The article mentions the January 2009 discovery of semi-submersibles being built by Tamil rebels. Were these actually intended to transport drugs? Their presence in this article suggests it, but the reference I saw gives the impression that they were the same design but intended to transport people instead. —Preceding unsigned comment added by 22.214.171.124 (talk) 03:54, 5 September 2009 (UTC)
- The reference suggests they were used for military purposes (maybe to smuggle people? small arms?) past the Fed navy. The most interesting aspect that pushed me to include it in this article is that it seems it was the same origin/technology as the Colombian narco subs, but intended not for drug trafficking but as a military marine transport vehicle. I have not come through any other reference on that sub. If you do , please let me know. Thanks. Cheers, BatteryIncluded (talk) 06:14, 5 September 2009 (UTC)
I thought that overall this was a good article, but maybe some design points should be added. I doubt any of us will get our hands on schematics but maybe we could have a diagram for a typical Narco Submarine. Though the article did make it a point that the subs are Fiber Glass and steel and pointed out their stealthy capabilities, I was quite impressed with that. I'm just thinking we could maybe draw up a diagram on it for the more visual learners. —Preceding unsigned comment added by Aryeonos (talk • contribs) 20:05, 9 September 2009 (UTC)
Here's a simple and comprehensive diagram, also the page where this image is from is very informative: Covert Naval Blog: Narco submarines, torpedoes and semi-submersibles.
How do you prove that it actually was a narco sub?
This article is a little confusing. I assume there must be proof that it was a narco sub? Or does the law make it illegal to merely be aboard a low lying boat at sea? If so, how will it affect mini subs and other crafts used by researchers for exploration. Must they have a permit? 126.96.36.199 (talk) —Preceding undated comment added 15:20, 3 October 2009 (UTC).
- Did you actually read the article?:
- "...make it illegal to be aboard an unflagged semi-submersible, regardless of seizure of narcotics inside their scuttled vessel.
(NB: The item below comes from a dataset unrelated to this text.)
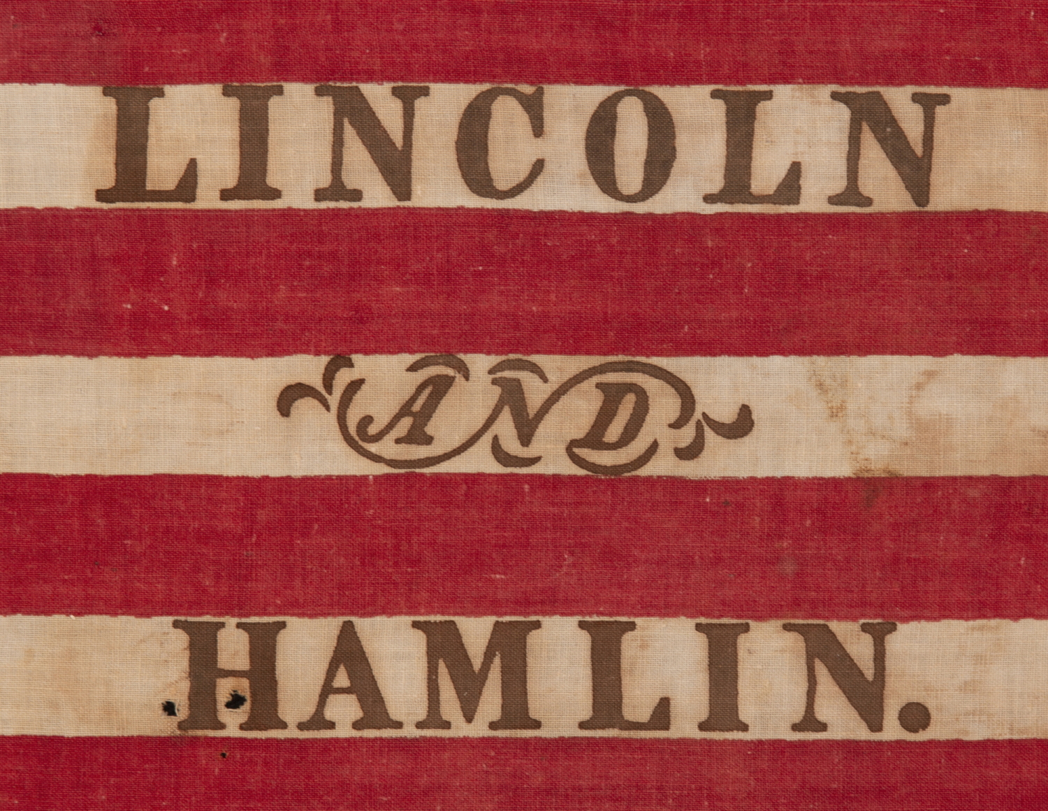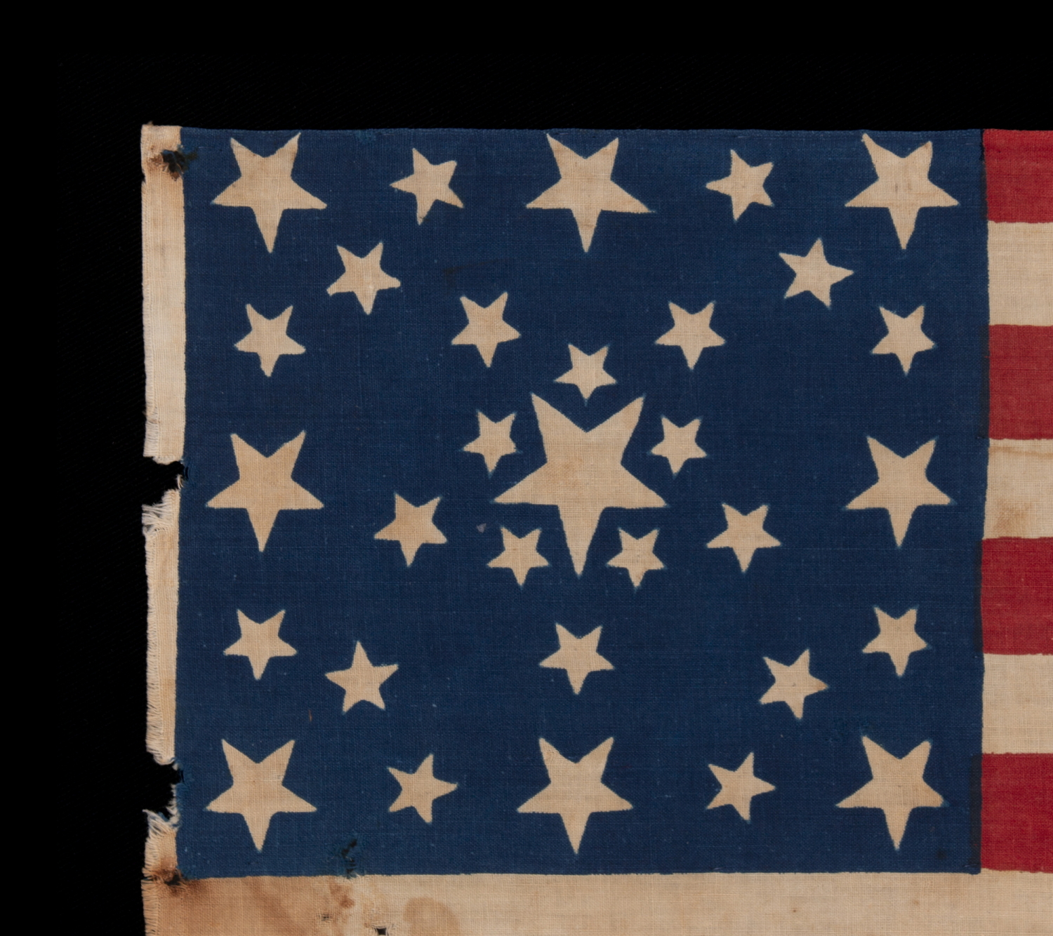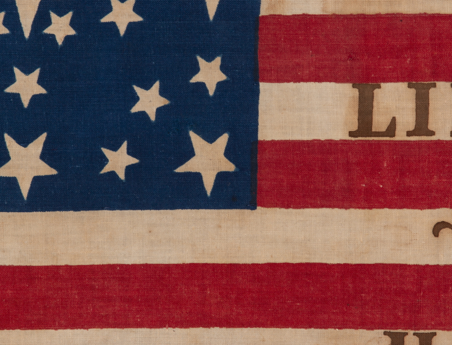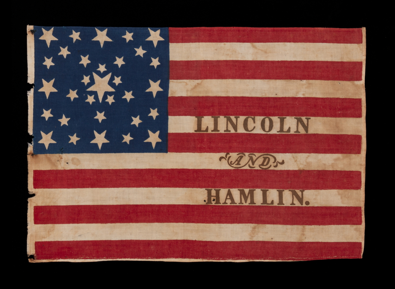 | ANTIQUE AMERICAN FLAG MADE FOR THE 1860 PRESIDENTIAL CAMPAIGN OF ABRAHAM LINCOLN & HANNIBAL HAMLIN, WITH 31 STARS IN A FANCIFUL STARBURST OR ‘GREAT STAR-IN-A-SQUARE’ MEDALLION; ONE OF THE RAREST AND MOST GRAPHIC OF ALL CONFIGURATIONS THAT HAVE BEEN IDENTIFIED IN 19TH CENTURY EXAMPLES; THE ONLY KNOWN LINCOLN CAMPAIGN FLAG IN THIS STYLE, AND ONE OF JUST 3 PARADE FLAGS OF ANY SORT THAT SHARE THIS SPECTACULAR STAR ARRANGEMENT |

The Drug Trafficking Vessel Interdiction Act of 2008 was enacted in September 2008. The bill makes it a "felony for those who knowingly or intentionally operate or embark in a self-propelled semi-submersible (SPSS) that is without nationality and that is or has navigated in international waters, with the intent to evade detection." The bill does not impact researchers, explorers or others who may be operating a flagged semi-submersible. BatteryIncluded (talk) 14:07, 4 October 2009 (UTC)
Interesting thought upon reading the article. They could just add a flag which is on a hinge, as soon as they think they are spotted they simply raise the flag and scuttle the boat. cba to sign in sorry --188.8.131.52 (talk) 21:38, 24 January 2010 (UTC)
When a vessel is "flagged" it means that it is registered in a nation and flies that nation's flag. Simply flying a flag changes nothing unless there is documentation which shows what the flag state is. New Hampshirite (talk) 00:47, 26 January 2010 (UTC)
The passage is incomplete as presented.